Segment Start: Given information

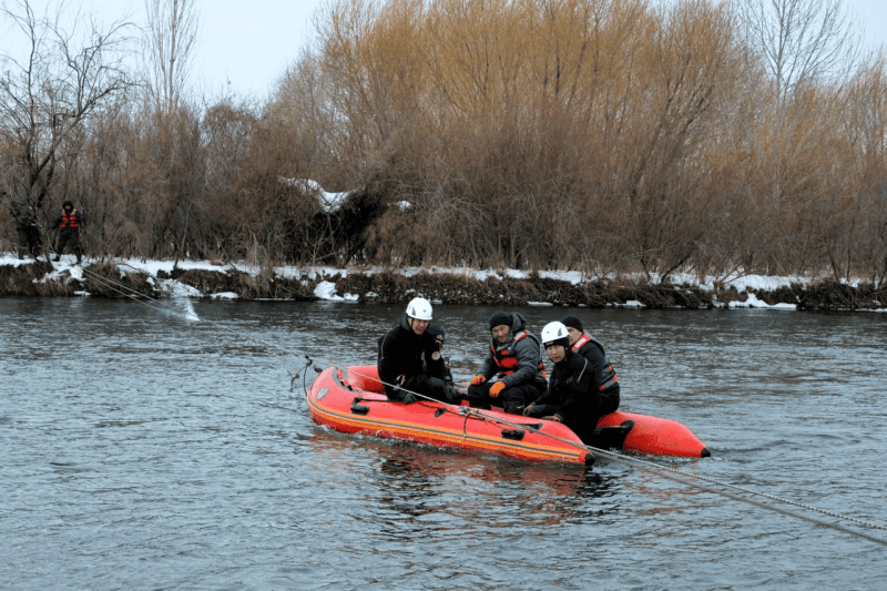 В ходе учений была отработана эвакуация 70 человек из зоны подтопления в ближайший пункт эвакуации, находящийся в начальной средней школе села Сарыбулак с обеспечением спальными местами и горячим питанием.
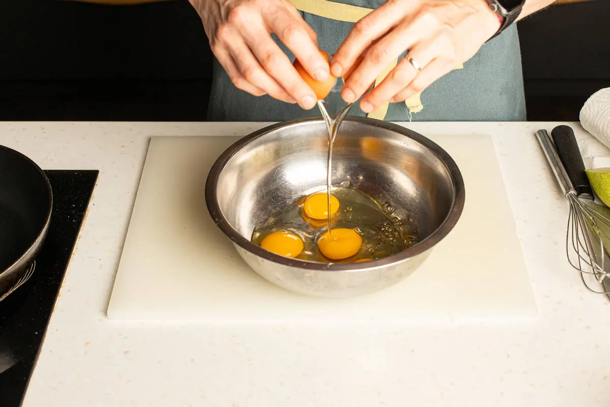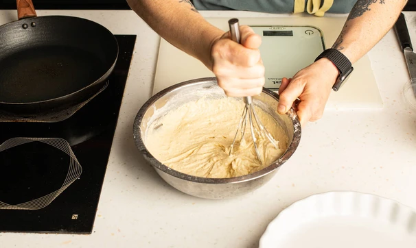 Смешайте сметану, оставшиеся яйца, муку, разрыхлитель, соль и сахар, взбейте венчиком.
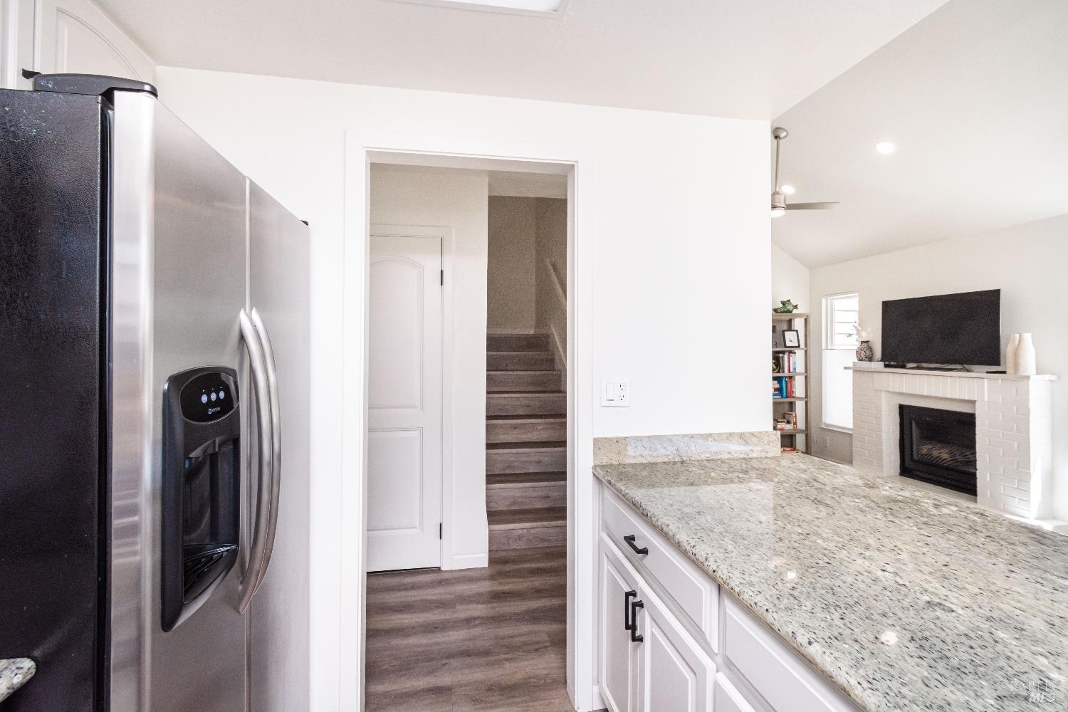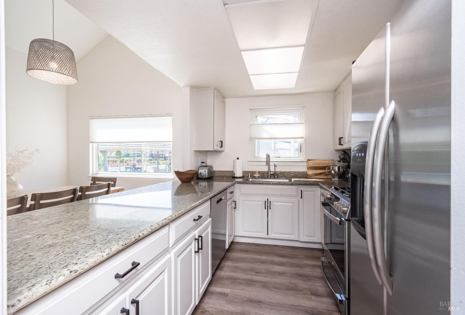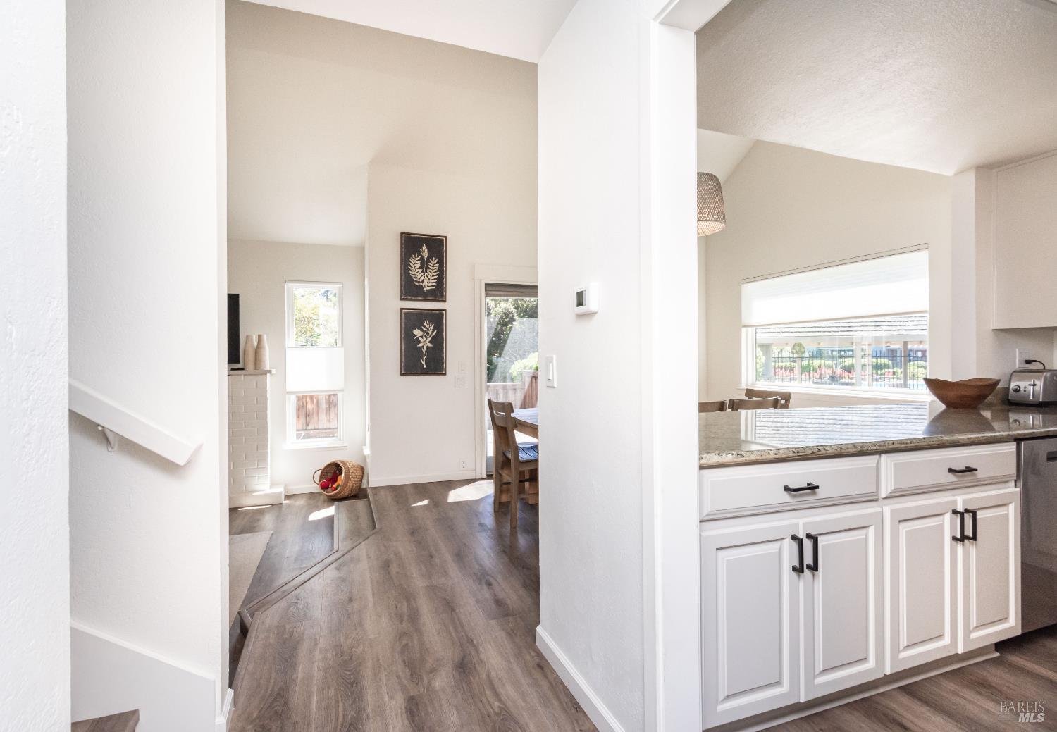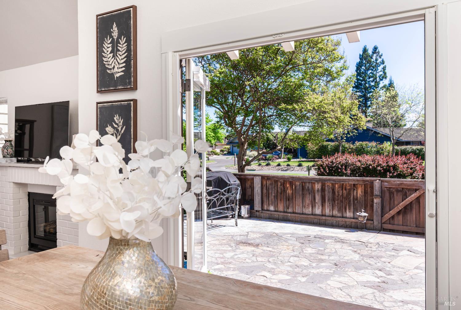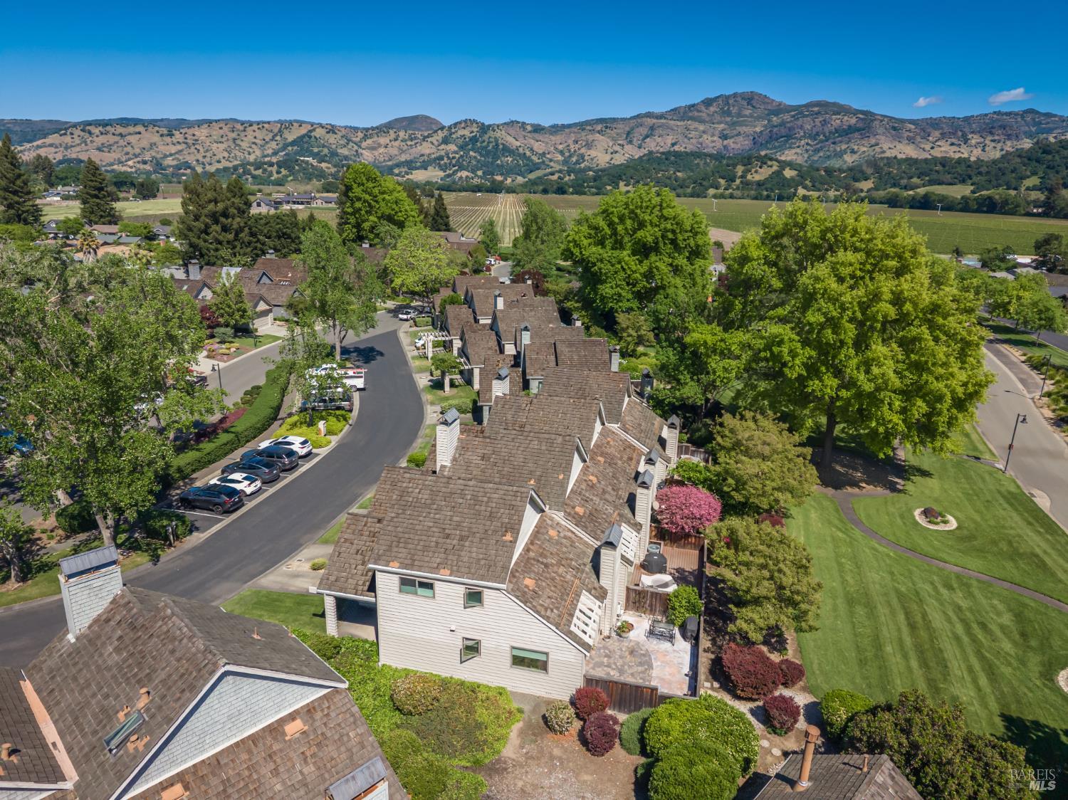 Tucked along the quiet eastern edge of Yountville where vineyards give way to open space, this refined end-unit townhome offers a rare composition of privacy, natural light, & effortless walkability. Set back from through traffic, the setting feels peaceful & removed, yet remains moments from the restaurants, tasting rooms, & everyday rhythm that define Yountville. A south-facing rear terrace opens to expansive greenbelt & mountain views, capturing both the softness of morning light & the warmth of Napa evenings - an inviting setting for coffee, conversation, & unhurried outdoor dining. As an end unit, the home is filled with natural light, while surrounding pathways, pool, spa, & the Vine Trail extend the living experience into the landscape. Inside, vaulted ceilings & a fireplace anchor the main living space, creating both volume & intimacy. A formal dining area offers flexibility for gathering or quiet evenings at home, while the kitchen appointed with stainless steel appliances, granite counters, & a refined backsplash delivers a clean, modern aesthetic with everyday functionality. The interior spaces transition seamlessly to the outdoor setting, where a pastoral backdrop & open mountain views create a sense of calm and connection to the land. Recent updates, including dual-pane windows, new flooring, refreshed paint, updated lighting, an upgraded wood door, the covered front porch, indoor laundry & mud room, spacious bedrooms with views from each window, contribute to a move-in-ready experience. A one-car garage provides added ease 7 storage. An exceptional offering for those seeking a low-maintenance primary residence, a refined weekend retreat, or a foothold in one of Napa Valley's most desirable walkable communities.

Segment End: Given information

* _Your instructions_
All the lines above must be written out exactly, without a single picture.

* _Exercise output_
 В ходе учений была отработана эвакуация 70 человек из зоны подтопления в ближайший пункт эвакуации, находящийся в начальной средней школе села Сарыбулак с обеспечением спальными местами и горячим питанием.
 Смешайте сметану, оставшиеся яйца, муку, разрыхлитель, соль и сахар, взбейте венчиком.
 Tucked along the quiet eastern edge of Yountville where vineyards give way to open space, this refined end-unit townhome offers a rare composition of privacy, natural light, & effortless walkability. Set back from through traffic, the setting feels peaceful & removed, yet remains moments from the restaurants, tasting rooms, & everyday rhythm that define Yountville. A south-facing rear terrace opens to expansive greenbelt & mountain views, capturing both the softness of morning light & the warmth of Napa evenings - an inviting setting for coffee, conversation, & unhurried outdoor dining. As an end unit, the home is filled with natural light, while surrounding pathways, pool, spa, & the Vine Trail extend the living experience into the landscape. Inside, vaulted ceilings & a fireplace anchor the main living space, creating both volume & intimacy. A formal dining area offers flexibility for gathering or quiet evenings at home, while the kitchen appointed with stainless steel appliances, granite counters, & a refined backsplash delivers a clean, modern aesthetic with everyday functionality. The interior spaces transition seamlessly to the outdoor setting, where a pastoral backdrop & open mountain views create a sense of calm and connection to the land. Recent updates, including dual-pane windows, new flooring, refreshed paint, updated lighting, an upgraded wood door, the covered front porch, indoor laundry & mud room, spacious bedrooms with views from each window, contribute to a move-in-ready experience. A one-car garage provides added ease 7 storage. An exceptional offering for those seeking a low-maintenance primary residence, a refined weekend retreat, or a foothold in one of Napa Valley's most desirable walkable communities.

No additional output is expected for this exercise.